What this task involves — A faithful copy is needed of the lines below from the one with "Abb. 3: Buchdeckel, Christi" up to and including the one with "今日は3年2組が高岡法科大学"; set it down with no pictures and no other lines.

Dataset excerpts

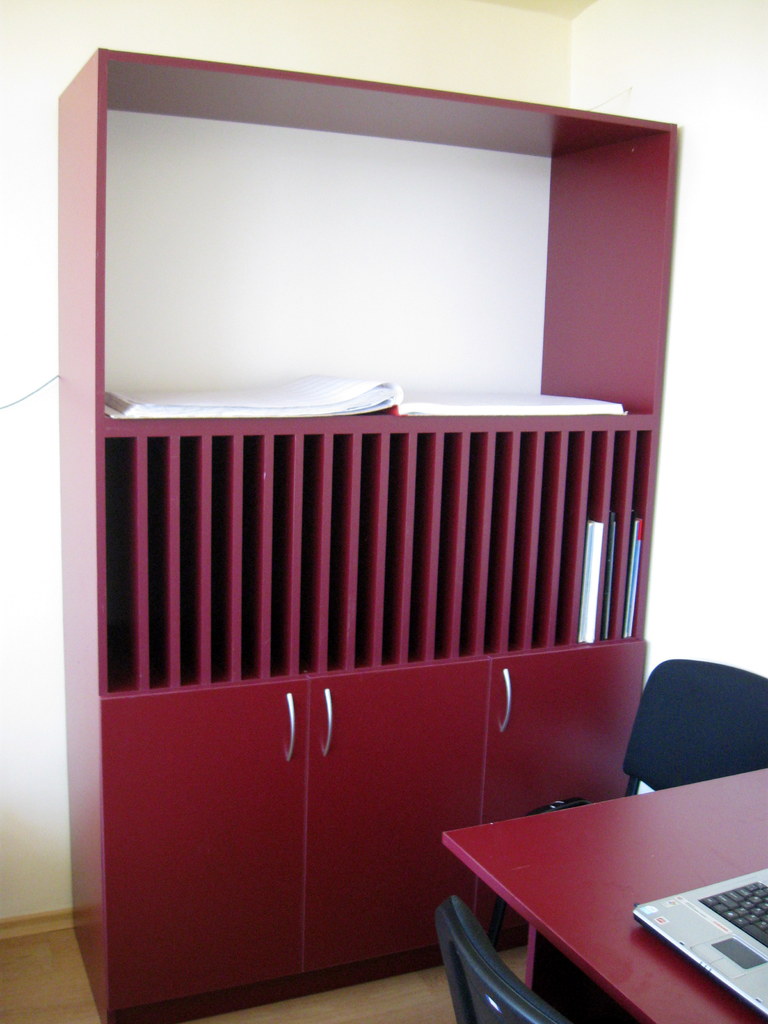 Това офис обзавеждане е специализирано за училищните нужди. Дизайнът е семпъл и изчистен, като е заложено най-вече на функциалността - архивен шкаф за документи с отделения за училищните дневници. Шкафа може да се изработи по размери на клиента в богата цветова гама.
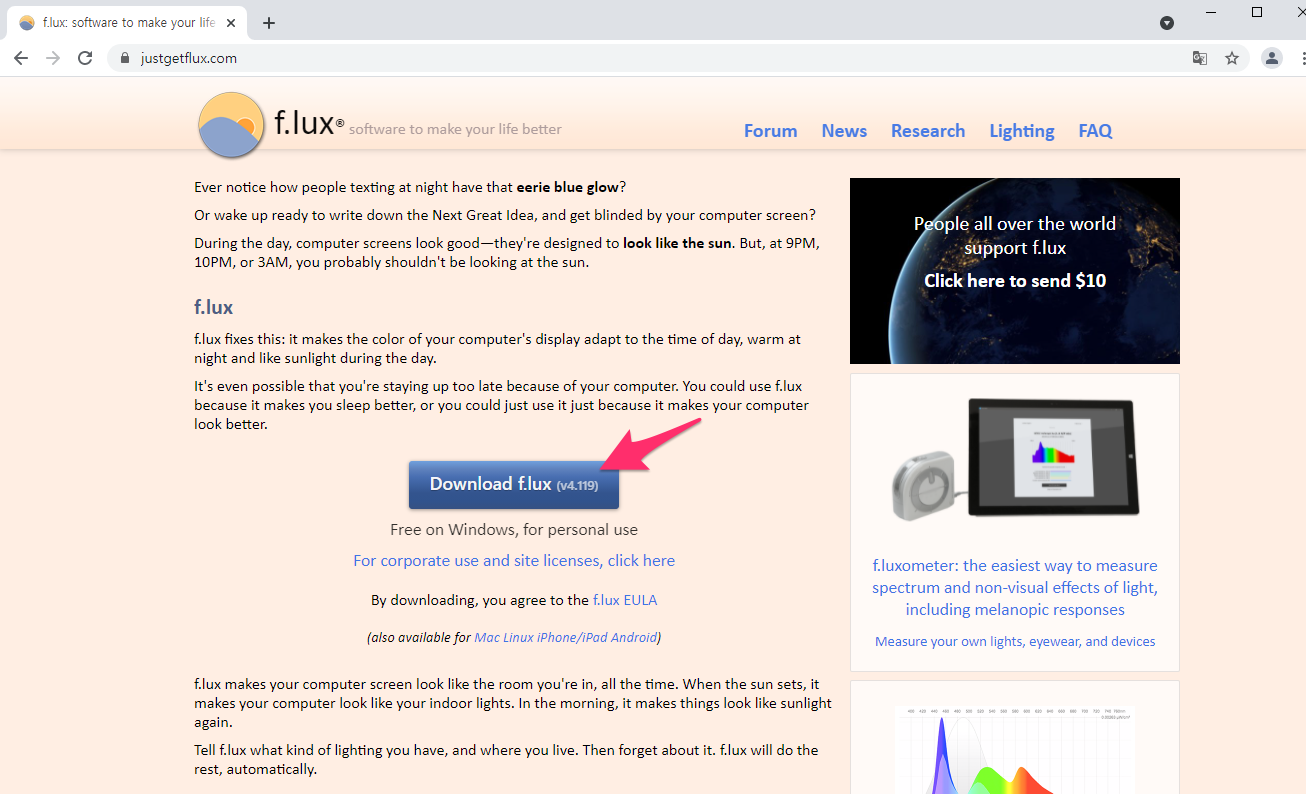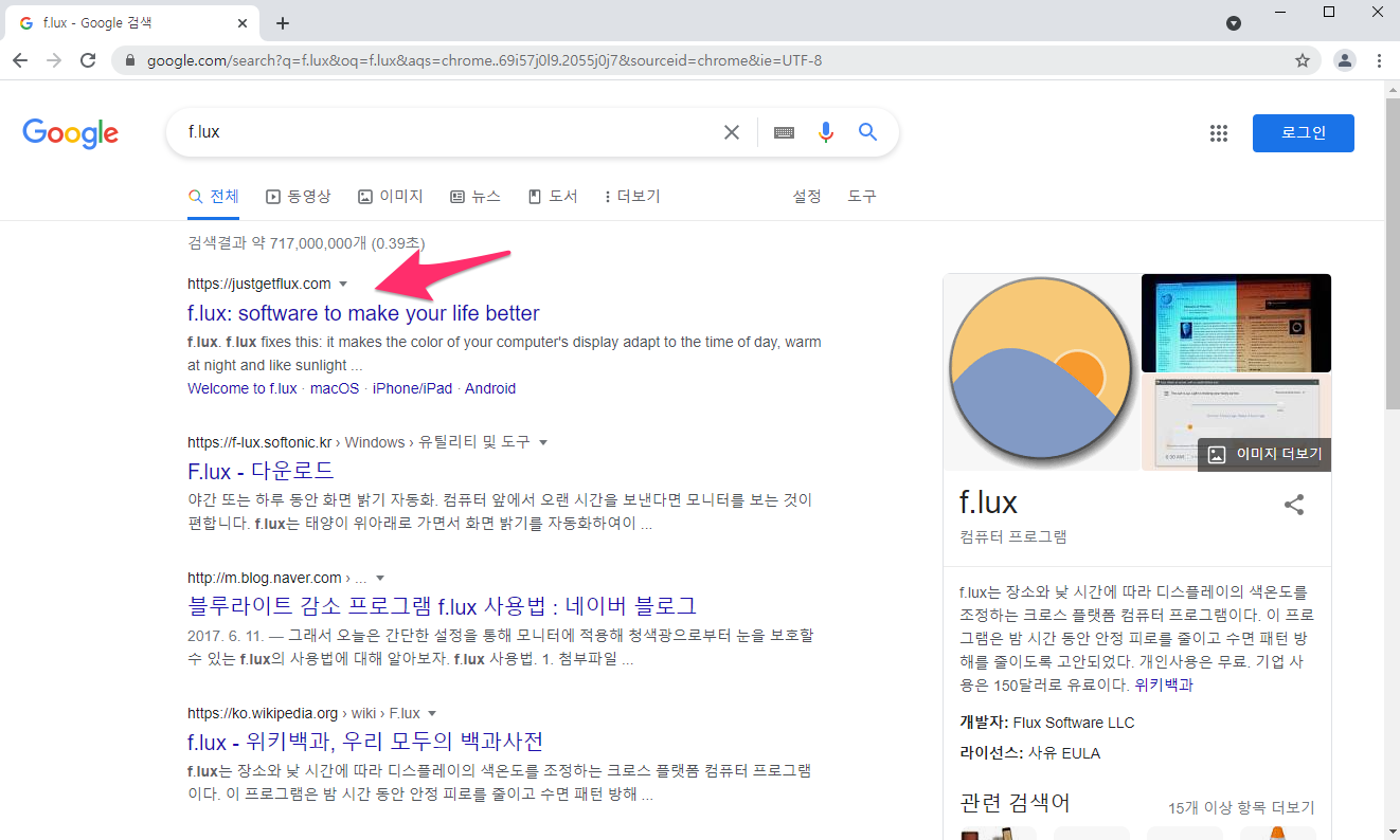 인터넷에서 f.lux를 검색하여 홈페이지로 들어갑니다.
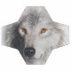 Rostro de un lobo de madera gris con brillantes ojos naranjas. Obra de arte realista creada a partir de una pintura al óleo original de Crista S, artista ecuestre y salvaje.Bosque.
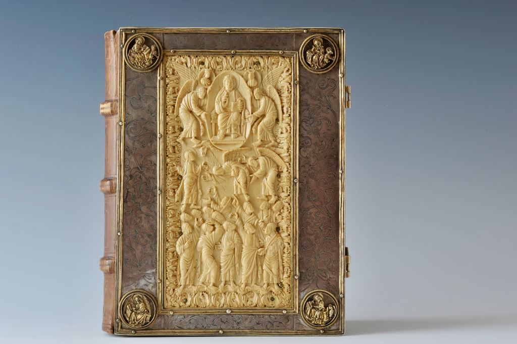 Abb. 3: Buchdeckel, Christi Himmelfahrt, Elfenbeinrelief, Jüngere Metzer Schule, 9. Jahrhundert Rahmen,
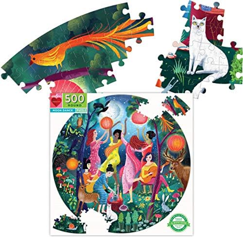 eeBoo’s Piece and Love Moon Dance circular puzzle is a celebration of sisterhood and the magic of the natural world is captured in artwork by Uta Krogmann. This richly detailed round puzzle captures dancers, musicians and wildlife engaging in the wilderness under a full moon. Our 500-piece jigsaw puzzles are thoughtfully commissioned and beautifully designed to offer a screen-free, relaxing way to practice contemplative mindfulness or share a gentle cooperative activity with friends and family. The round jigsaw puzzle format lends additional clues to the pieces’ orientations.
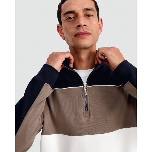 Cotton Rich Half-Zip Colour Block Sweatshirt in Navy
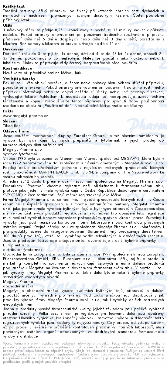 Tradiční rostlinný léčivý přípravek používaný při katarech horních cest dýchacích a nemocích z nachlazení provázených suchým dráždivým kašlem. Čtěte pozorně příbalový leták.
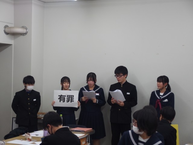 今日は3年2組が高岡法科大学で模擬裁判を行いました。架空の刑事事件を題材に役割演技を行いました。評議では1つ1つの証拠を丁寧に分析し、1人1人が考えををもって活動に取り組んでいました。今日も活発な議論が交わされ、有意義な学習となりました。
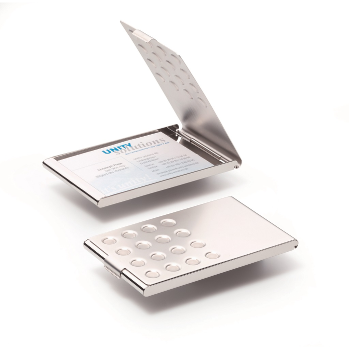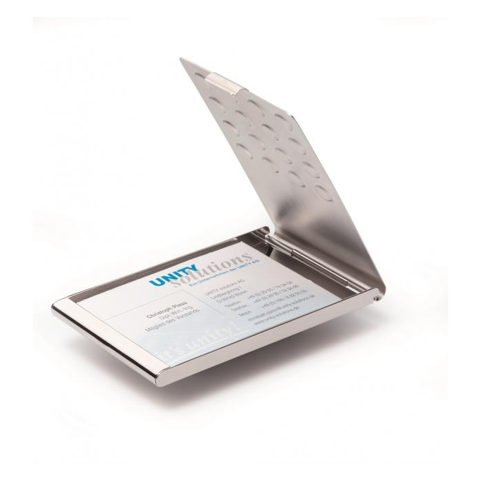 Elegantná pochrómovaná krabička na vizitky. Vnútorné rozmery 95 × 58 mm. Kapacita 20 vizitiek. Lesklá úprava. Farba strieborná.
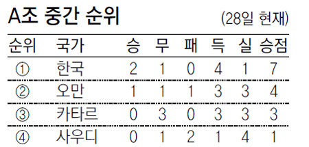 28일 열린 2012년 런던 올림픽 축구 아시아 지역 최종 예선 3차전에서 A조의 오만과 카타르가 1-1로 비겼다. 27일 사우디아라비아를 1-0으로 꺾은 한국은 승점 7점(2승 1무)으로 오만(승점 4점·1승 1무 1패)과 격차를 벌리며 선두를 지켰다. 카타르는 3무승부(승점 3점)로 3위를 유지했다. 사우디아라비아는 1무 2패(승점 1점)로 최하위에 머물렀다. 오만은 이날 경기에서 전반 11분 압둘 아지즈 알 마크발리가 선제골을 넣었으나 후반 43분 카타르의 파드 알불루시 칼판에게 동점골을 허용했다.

Solution to this exercise —
 Abb. 3: Buchdeckel, Christi Himmelfahrt, Elfenbeinrelief, Jüngere Metzer Schule, 9. Jahrhundert Rahmen,
 eeBoo’s Piece and Love Moon Dance circular puzzle is a celebration of sisterhood and the magic of the natural world is captured in artwork by Uta Krogmann. This richly detailed round puzzle captures dancers, musicians and wildlife engaging in the wilderness under a full moon. Our 500-piece jigsaw puzzles are thoughtfully commissioned and beautifully designed to offer a screen-free, relaxing way to practice contemplative mindfulness or share a gentle cooperative activity with friends and family. The round jigsaw puzzle format lends additional clues to the pieces’ orientations.
 Cotton Rich Half-Zip Colour Block Sweatshirt in Navy
 Tradiční rostlinný léčivý přípravek používaný při katarech horních cest dýchacích a nemocích z nachlazení provázených suchým dráždivým kašlem. Čtěte pozorně příbalový leták.
 今日は3年2組が高岡法科大学で模擬裁判を行いました。架空の刑事事件を題材に役割演技を行いました。評議では1つ1つの証拠を丁寧に分析し、1人1人が考えををもって活動に取り組んでいました。今日も活発な議論が交わされ、有意義な学習となりました。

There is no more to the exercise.